[YOUR ASSIGNMENT] Below are some records. Set down exactly the line holding "力士/LUX 植萃精油香氛沐浴露 550g*2瓶" and every later line through the end, omitting the pictures.

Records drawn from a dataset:
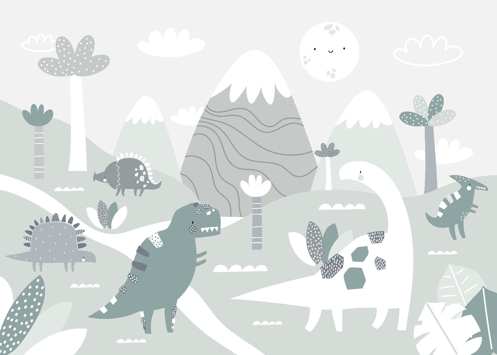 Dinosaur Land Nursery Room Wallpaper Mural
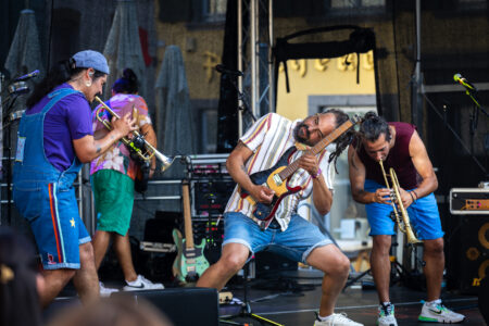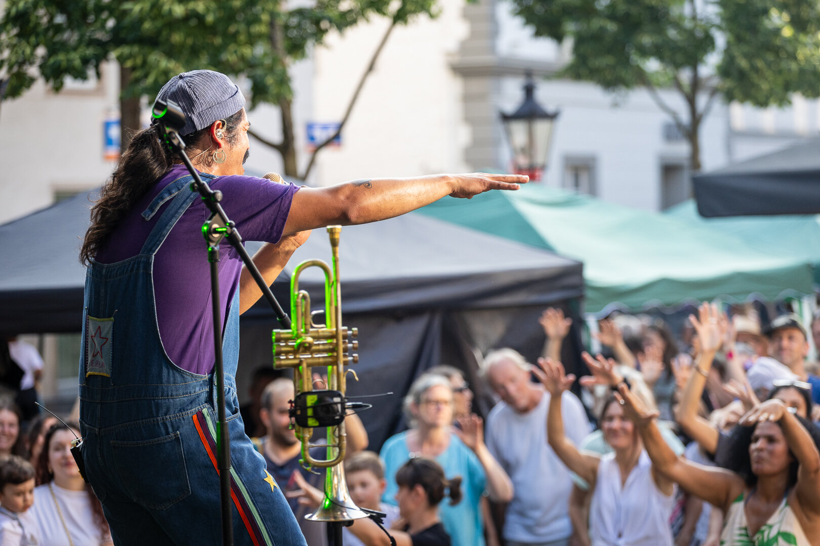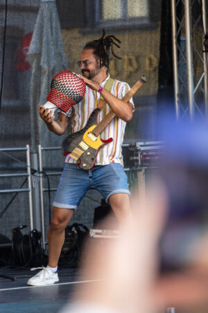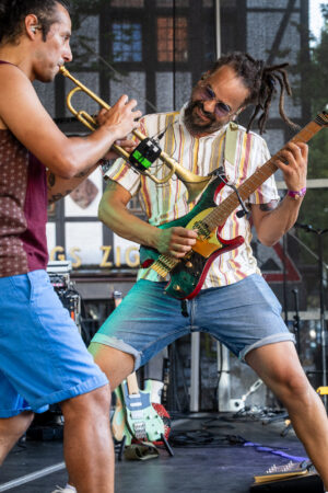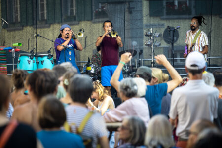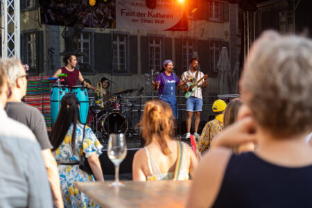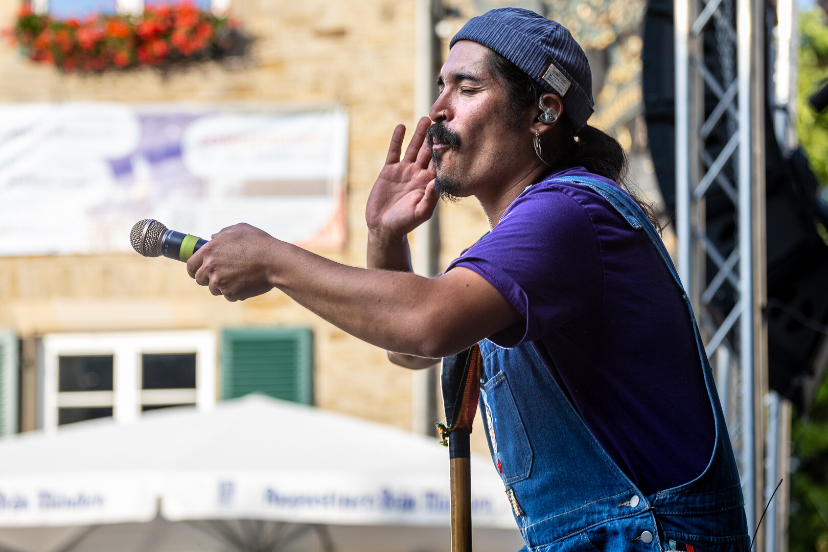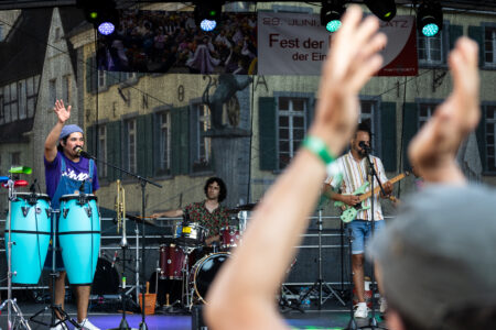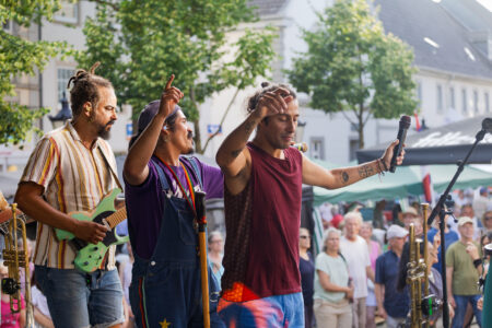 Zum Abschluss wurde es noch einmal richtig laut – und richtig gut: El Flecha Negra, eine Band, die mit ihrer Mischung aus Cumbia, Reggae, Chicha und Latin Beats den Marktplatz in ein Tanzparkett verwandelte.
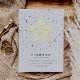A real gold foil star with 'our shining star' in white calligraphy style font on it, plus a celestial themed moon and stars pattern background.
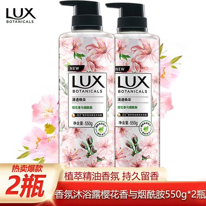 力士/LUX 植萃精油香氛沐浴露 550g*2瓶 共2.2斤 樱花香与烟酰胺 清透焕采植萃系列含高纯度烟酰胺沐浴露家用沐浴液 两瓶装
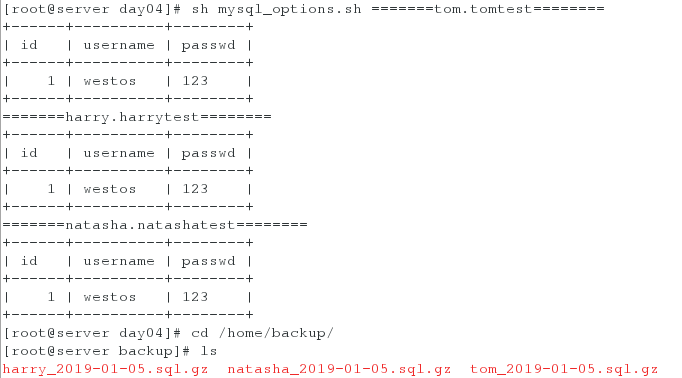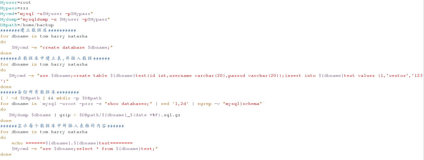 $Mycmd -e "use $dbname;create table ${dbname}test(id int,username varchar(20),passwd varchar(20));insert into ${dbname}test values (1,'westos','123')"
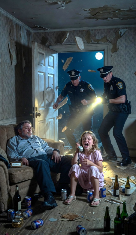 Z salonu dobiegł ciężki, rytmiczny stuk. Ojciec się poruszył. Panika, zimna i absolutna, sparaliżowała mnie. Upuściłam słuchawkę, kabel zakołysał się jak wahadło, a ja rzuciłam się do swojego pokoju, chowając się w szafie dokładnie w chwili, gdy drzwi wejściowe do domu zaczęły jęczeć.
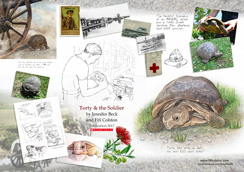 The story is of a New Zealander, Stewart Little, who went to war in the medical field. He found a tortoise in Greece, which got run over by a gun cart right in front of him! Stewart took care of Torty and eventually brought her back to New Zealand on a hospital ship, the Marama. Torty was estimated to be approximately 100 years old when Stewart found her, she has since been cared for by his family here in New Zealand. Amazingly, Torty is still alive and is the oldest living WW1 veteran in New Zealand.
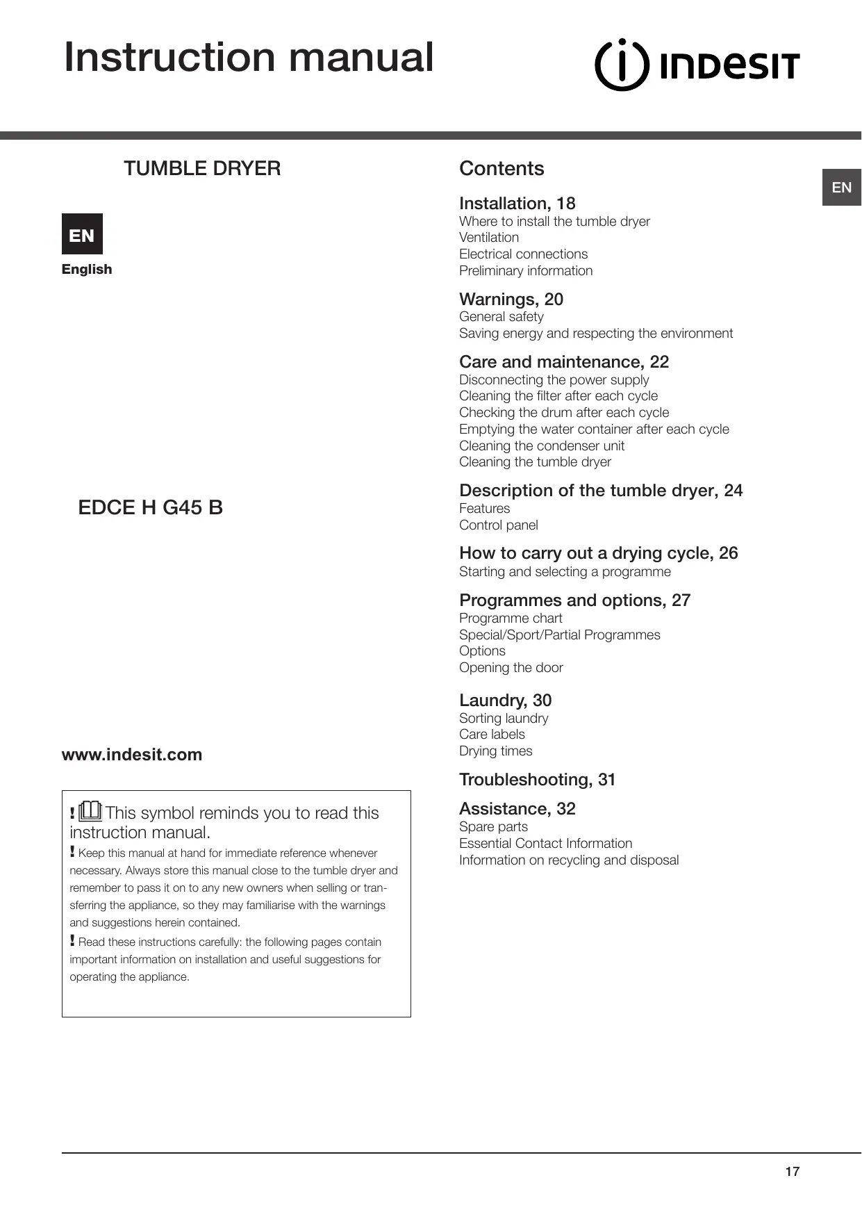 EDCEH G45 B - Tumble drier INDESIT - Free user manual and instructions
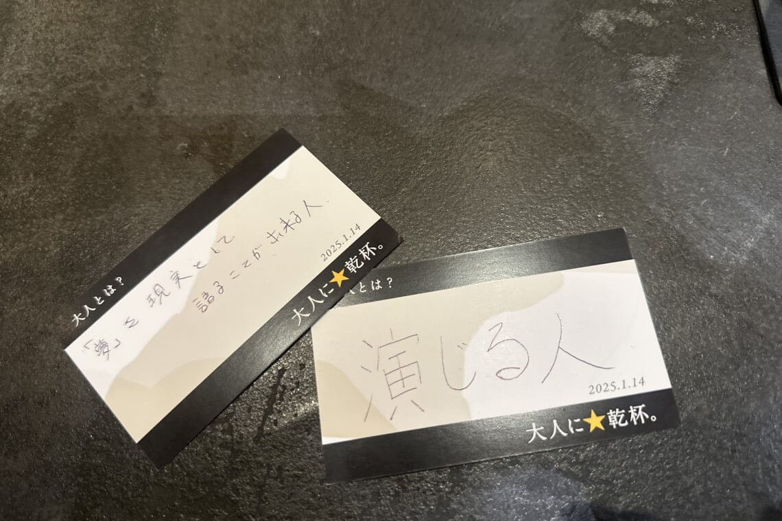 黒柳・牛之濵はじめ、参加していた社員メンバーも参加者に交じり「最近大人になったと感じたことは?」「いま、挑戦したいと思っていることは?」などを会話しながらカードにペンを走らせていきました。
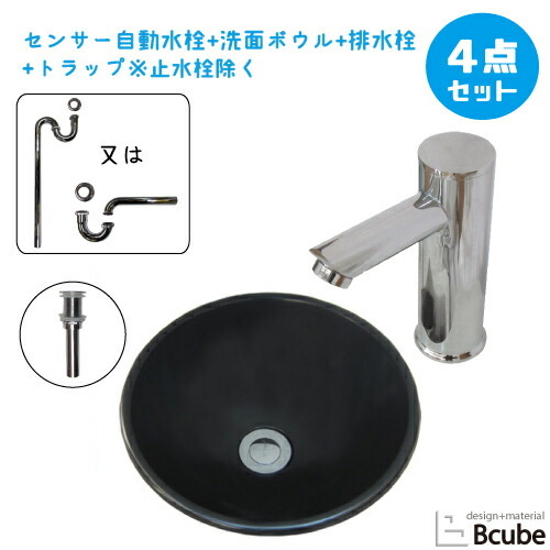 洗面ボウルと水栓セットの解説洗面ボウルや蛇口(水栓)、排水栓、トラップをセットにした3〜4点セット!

[RESPONSE BOX]
 力士/LUX 植萃精油香氛沐浴露 550g*2瓶 共2.2斤 樱花香与烟酰胺 清透焕采植萃系列含高纯度烟酰胺沐浴露家用沐浴液 两瓶装
 $Mycmd -e "use $dbname;create table ${dbname}test(id int,username varchar(20),passwd varchar(20));insert into ${dbname}test values (1,'westos','123')"
 Z salonu dobiegł ciężki, rytmiczny stuk. Ojciec się poruszył. Panika, zimna i absolutna, sparaliżowała mnie. Upuściłam słuchawkę, kabel zakołysał się jak wahadło, a ja rzuciłam się do swojego pokoju, chowając się w szafie dokładnie w chwili, gdy drzwi wejściowe do domu zaczęły jęczeć.
 The story is of a New Zealander, Stewart Little, who went to war in the medical field. He found a tortoise in Greece, which got run over by a gun cart right in front of him! Stewart took care of Torty and eventually brought her back to New Zealand on a hospital ship, the Marama. Torty was estimated to be approximately 100 years old when Stewart found her, she has since been cared for by his family here in New Zealand. Amazingly, Torty is still alive and is the oldest living WW1 veteran in New Zealand.
 EDCEH G45 B - Tumble drier INDESIT - Free user manual and instructions
 黒柳・牛之濵はじめ、参加していた社員メンバーも参加者に交じり「最近大人になったと感じたことは?」「いま、挑戦したいと思っていることは?」などを会話しながらカードにペンを走らせていきました。
 洗面ボウルと水栓セットの解説洗面ボウルや蛇口(水栓)、排水栓、トラップをセットにした3〜4点セット!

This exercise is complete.